What happens to lactate?
Certain muscle fiber types (type II) are able to convert lactate right back into usable energy. These fibers use mostly sugar for their energy source and as such have evolved to be quite good at both creating and converting lactate. If the tissues are unable to convert lactate due to high energy demand, lactate travels to the liver where it is converted back to glucose through the Cori Cycle or removed from the blood stream through the kidneys. When work demand decreases the accumulated lactate can immediately begin converting into energy or resynthesized back to glucose (McArdle et al., 2015).
Baechle, T., & Earle, R. (2008). Essentials of Strength and Training and Conditioning (3rd ed.). Champaign, Il: Human Kinetics.

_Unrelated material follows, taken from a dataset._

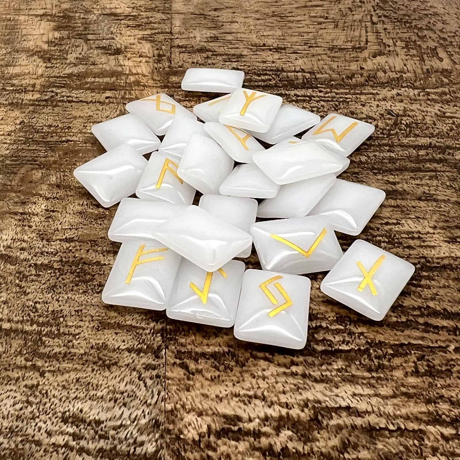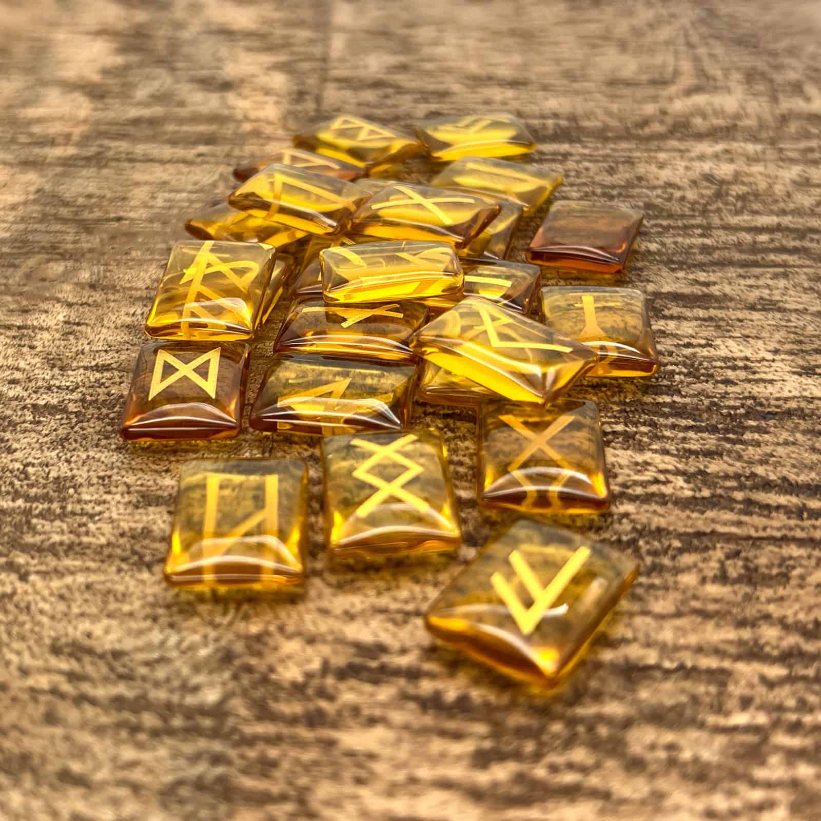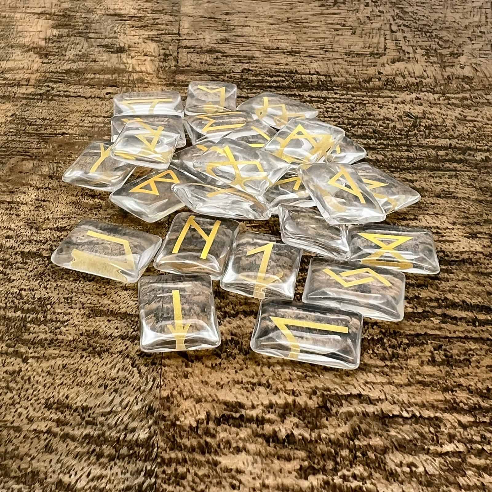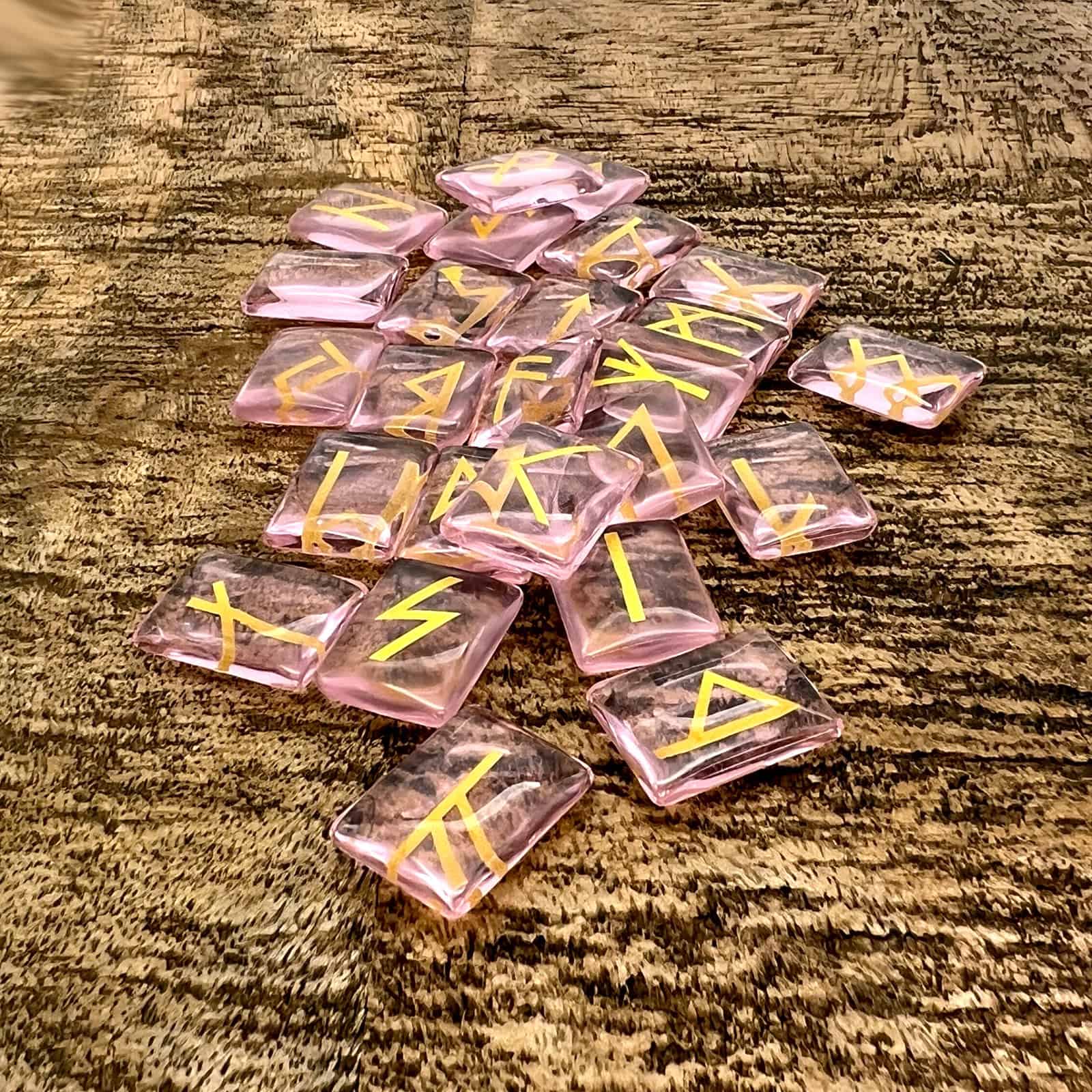 Our Traveler’s Runes come in seven different colors and are the perfect size for Elder Futhark Rune readings when away from home. Each set comes complete in a velvet bag with the standard 24 sigils plus the blank Wyrd. Each crystal rune stone measures approximately 14 mm by 19 mm in a smaller, convenient size for travel. The Traveler’s Runes are available in seven colors:
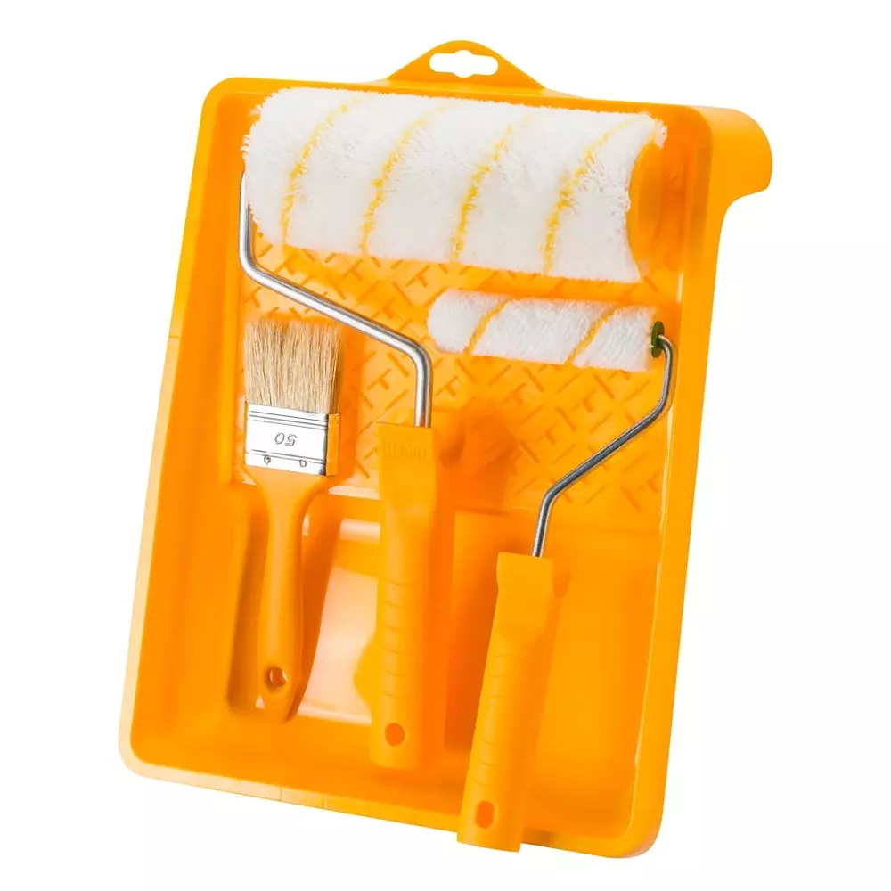 Простой и функциональный малярный набор используется для нанесения лакокрасочных смесей. Имея краску и данный набор вы можете сразу приступать к работе. Качественный инструмент — залог успешного завершения ремонта. Если не желаете тратить лишние время и силы на хождение по разным отделам магазина, закажите готовый к работе набор онлайн.

Carlsson, M., Carlsson, T., Wedholm, L., Nilsson, M., Malm, C., & Tonkonogi, M. (2016). Physiological Demands of Competitive Sprint and Distance Performance in Elite Female Cross-Country Skiing. Journal of Strength and Conditioning Research, 30(8), 2138–2144. https://doi.org/10.1519/JSC.0000000000001327
Larson, A. (2006). Vatiations in Heart Rate at Blood Lactate Threshold due to Exercise Mode in Elite Cross-Country Skiers. Journal of Strength and Conditioning Research, 20(4), 855–860.
McArdle, W., Katch, F., & Katch, V. (2015). Exercise Physiology (8th ed.). Baltimore, MD: Wolters Kluwer.